I am also reminded of pictures of famous Eastern European rabbis who were forced to take passport or other official photos in a bareheaded pose, whose photos were later retouched (not very artfully at that) to make them conform to present accepted piety. This probably falls between acceptable exaggeration and unacceptable inaccuracy but it is indicative of the spirit of our times.
The inaccuracies and fantasy portrayals of the Jewish past are but one of the many symptoms of what I feel to be the major underlying malaise within much of religious Jewish society. That underlying problem is the insecurity of the religious Jewish society in facing the new Jewish world that now exists.

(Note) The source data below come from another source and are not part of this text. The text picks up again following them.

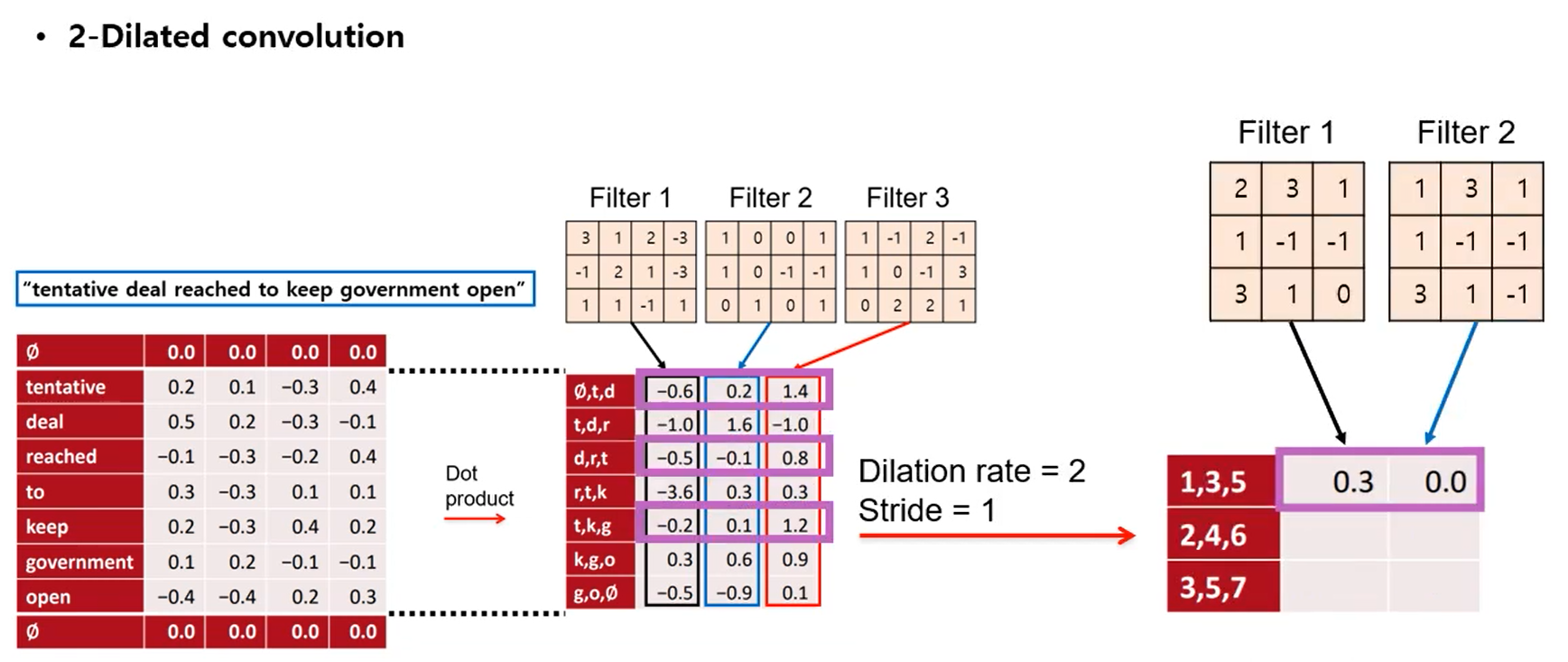 학습되어야할 파라미터들의 Filter가 하나 있다고 가정하자. (size=3) 거기에 맞는 token의 embedding vector가 있다고 가정하면, Filter size의 영역만큼 convolve하게 되며 결과값을 출력하게 된다. NLP에서는 이미지와 달리 한 단어의 정보를 모두 속해야 하기 때문에 한 방향으로 진행할 수 밖에 없다. 그래서 1d Convolution 이라고도 불린다. 해당 단어들을 filter로 계속해서 convolve하면서 stride만큼 이동하며 계산하면 원래의 차원보다 줄어드는 것을 알 수 있다. 이러한 문제를 해결하기 위해 이미지에서 한 zero-padding과 같이 위 아래에 공집합($\phi$)을 넣어 정보 손실을 없앤다. 원래 sequence를 보존하기 위함이다.
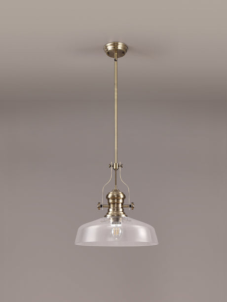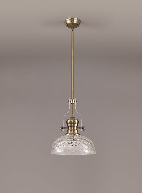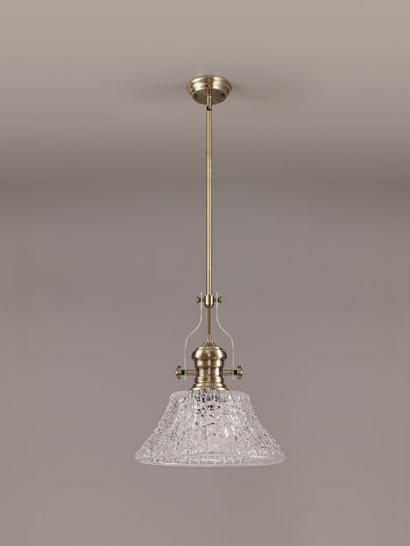 Munro Pendant With 30cm Flat Round Patterned Shade, 1 x E27, Antique Brass/Clear Glass
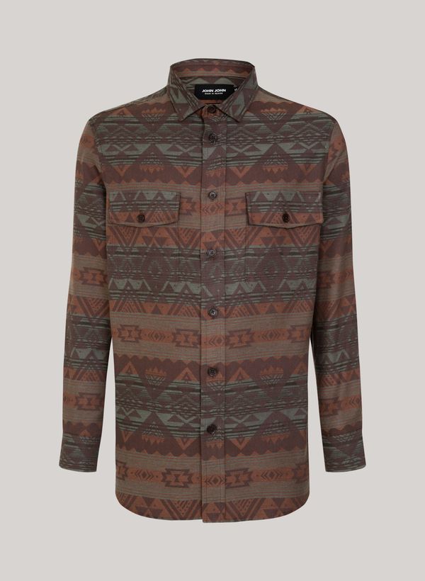 Confeccionada em tecido plano estampado, a Camisa possui modelagem oversized, gola clássica, vista com botões, mangas longas com abotoamento nos punhos, bolsos frontais e acabamento pespontado.
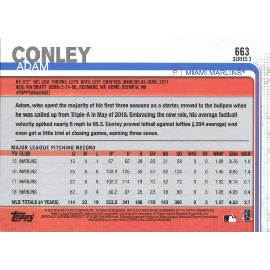 2019 Topps #663 Adam Conley NM-MT Miami Marlins Baseball Card
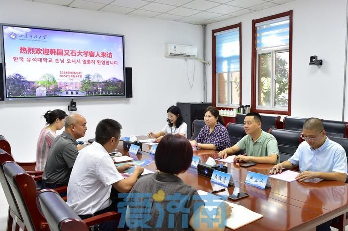 8月24日上午,韩国又石大学副校长兼国际交流院院长辛贤实、国际交流处主管李淑晓以及山东省当代教育研究院执行院长邢坤鹏等一行访问山东科技大学济南校区。校区党委常务副书记梁赛江、管委常务副主任郭加书会见客人,国际交流部相关人员参加会谈。

This world is one of modernity gone rampant, of communication that is instant and all-inclusive, of a Jewish state with all of the social, political, theological and religious challenges that such a state entails, and of a completely different economic and professional work environment than existed a century ago.
Frightened by these immense challenges, unaccustomed to being a distinct minority in the Jewish world itself, and having been forced to be on the defensive by the attacks of the secularists, the traditional Jewish world has been loath to engage these problems. It prefers to repaint and revisit the past instead of facing the present.
It is frightened and regressive instead of being confident and optimistic. This is truly ironic, for current Jewish society and its demographics have once again proven, seemingly against all odds, the resilience of Torah and tradition in all sections and climes of the Jewish world.  As such our education should be geared towards self-pride and optimism, reality and how to cope in our current world. There should be less emphasis on denigrating others and fearing their ideas, and less trepidation of technological advancements.